Quote the lines below exactly, from the one that holds "EN EL PALACIO" through the final line of the records, and only those.
....
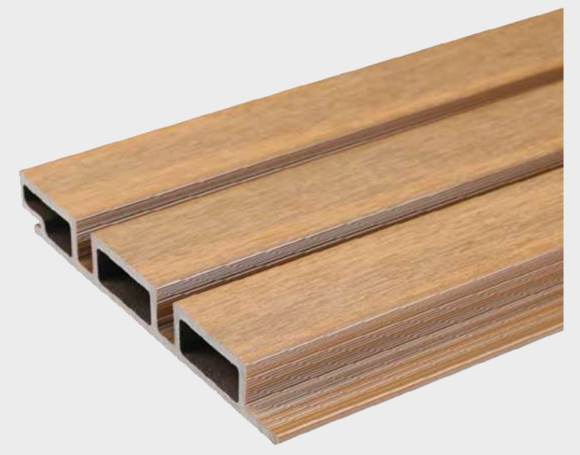
Tabla compuesta de 95% de materiales reciclados de polietileno de alta densidad y fibras de madera. Interior hueco.
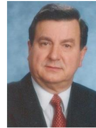
GOVERNOR 2022/2023 FRANZ GÖHL
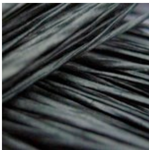
06-082 Tatami Papirgarn Sort (Fed)
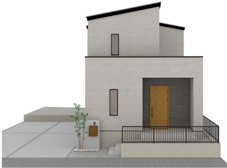
パースはイメージです。実際の建物と異なる場合がありますが、その場合は現況を優先とします。
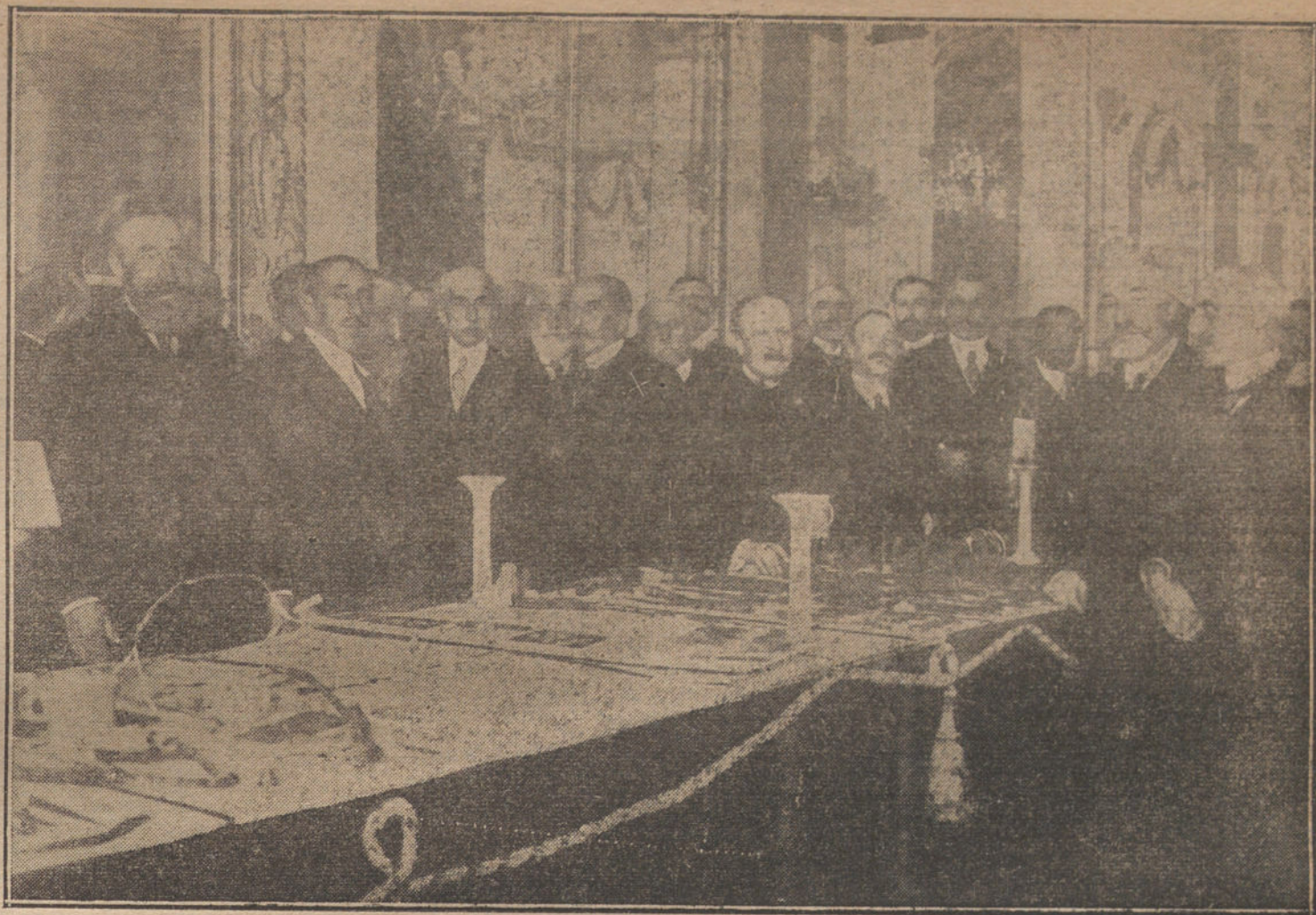
EN EL PALACIO DEL MARQUES DE CERRALBO.—El ilustre prócer mostrando á los invitados las joyas arqueológicas encontradas en las últimas excavaciones.

NUMERO DEL TELEFONO DE LA REDACCION Y TA- LLERES: 4.444.
....
Completed exercise:
EN EL PALACIO DEL MARQUES DE CERRALBO.—El ilustre prócer mostrando á los invitados las joyas arqueológicas encontradas en las últimas excavaciones.

NUMERO DEL TELEFONO DE LA REDACCION Y TA- LLERES: 4.444.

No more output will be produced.